There will be many ill-informed comparisons with Europe in the 1930s, after Obama inadvisably invoked Nazi Germany in his speech on Tuesday night. But one comparison might just be worth making: This month marks the anniversary of the Munich agreement, when along with France, the British Prime Minister Neville Chamberlain, in an ill-fated bid to avoid taking military action against Adolph Hitler, allowed Nazi Germany to annex a large part of Czechoslovakia. Chamberlain spoke for millions when he said he would not enter into “a quarrel in a faraway country, between people of whom we know nothing.”

British and American politicians know voters are war weary from botched military operations in Iraq and Afghanistan. They don’t see the Syrian civil war, or the suffering of the Syrian people at the hands of a brutal dictator, as any of their business. Diplomatic negotiations over the bodies of 100,000 Syrians, and doubtless many more as the war continues, is now all that is left, even if it has been, frankly, fruitless.

Like Europe in the late 1930s, the time when the West could have shaped an outcome favorable to its interests and those of the Syrian people has long passed. The Syrian opposition is even more divided than it was at the outset of the war. The jihadists are fast becoming the major force on the ground and will now gain in strength. And all this has bolstered Iran and Hezbollah as well, which will have serious consequences not just in the Levant, but one suspects further afield too.

It is of course hard to make a case for intervention in a war where both sides are at fault.
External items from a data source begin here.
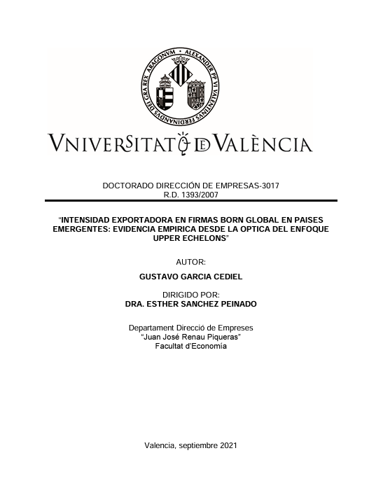 Relación entre las características de directivos en start-ups y la intensidad exportadora de estas empresas. Gustavo García. 2021.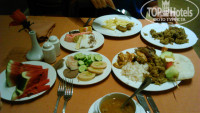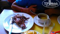 Питание нормальное, без изысков, но голодными не были совсем. Завтраки нормальные: блинчики, омлеты, яичница, фрукты, овощи ( в основном помидоры и огурцы), хлопья..... обеды - суп, мясо, гарниры разные, очень вкусный рис, закуски, пироженки на любой вкус, фрукты (арбузы, апельсины очень вкусные, бананы, виноград, яблоки), ужин был похож чем-то на обед, но больше блюд - два вида супа, больше выбор мясного и закусок, сервировали столы и стелили скатерти. Сыну понравились крабы и рыба в панировке. По напиткам - кофе, чай, газировка, сок (юпи). Из алкогольного - вино красное и белое (средние), пиво бутылочное, вполне освежало. В барах в здании и у бассейнов различные коктели. Имелся фреш-бар, но платный. Вкусный фреш из манго 5$, апельсин 4$, нас еще и арбузом угостили. Мы всем были довольны! А вот а-ля-карты их подкачали, самый вкусный - восточный, остальные совсем не понравились. И вот там отношение к русским отличается. Я не согласна с теми, кто пишет, что нет национального признака. К русским относятся хуже, чем к европейцам. Особенно в почете гости из Германии, т.к. владелец отеля немец. И это несмотря на то, что чаевые дают только русские. Из звездного ресторана мы ушли голодные и не успели на ужин в основной ресторан. Было неприятно. Но в других местах все было хорошо. Надо просто улыбаться людям. И чаевые в 1$ бармену обеспечат вкусные коктели )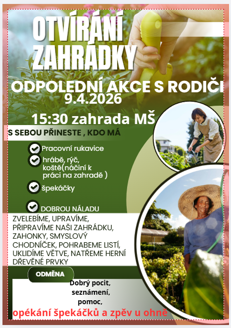 AKCE OTVÍRÁNÍ ZAHRADÁKY - SPOLEČNĚ DĚTEM PŘIPRAVÍME ZAHRÁDÁKU, POHRABEME LISTÍ, UPRAVÍME SMYSLOVÝ CHODNÍČEK, NATŘEME HERNÍ PRVKY, ZAMETEME A ODKLIDÍME VĚTVE A DALŠÍ.

The latest report on Syria for the United Nations Human Rights Council has said that all sides have committed war crimes and crimes against humanity. Regime forces have massacred civilians, shelled hospitals and used cluster bombs, while rebel fighters are increasingly guilty of summary executions and torture.
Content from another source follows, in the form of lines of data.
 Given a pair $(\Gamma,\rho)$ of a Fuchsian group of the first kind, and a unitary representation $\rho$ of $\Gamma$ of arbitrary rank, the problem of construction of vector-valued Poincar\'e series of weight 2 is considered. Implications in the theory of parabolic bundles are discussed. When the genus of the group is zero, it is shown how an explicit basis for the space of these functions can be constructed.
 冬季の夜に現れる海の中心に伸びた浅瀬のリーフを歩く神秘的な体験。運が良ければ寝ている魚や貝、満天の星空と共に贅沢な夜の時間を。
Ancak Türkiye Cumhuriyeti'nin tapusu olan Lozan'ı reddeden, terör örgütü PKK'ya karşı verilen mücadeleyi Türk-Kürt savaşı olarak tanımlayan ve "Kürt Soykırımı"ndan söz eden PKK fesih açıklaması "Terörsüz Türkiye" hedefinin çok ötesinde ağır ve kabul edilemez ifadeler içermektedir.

No one wants jihadists running Syria, but can anyone seriously support a Western policy that strengthens Hezbollah? Will the West blink again when Iran stands its ground on its nuclear ambitions?

We have truly lost our moral compass if we believe that standing on the sidelines as the bodies pile up in Syria, or having some chemical weapons decommissioned while allowing Assad to continue to kill his people with impunity, is teaching him or any other tyrant a lesson. The West may well regret not adhering to Roosevelt’s maxim.

Michael Glackin is former managing editor of Beirut based newspaper THE DAILY STAR.
A version of this article appeared in the print edition of The Daily Star on September 13, 2013, on page 7.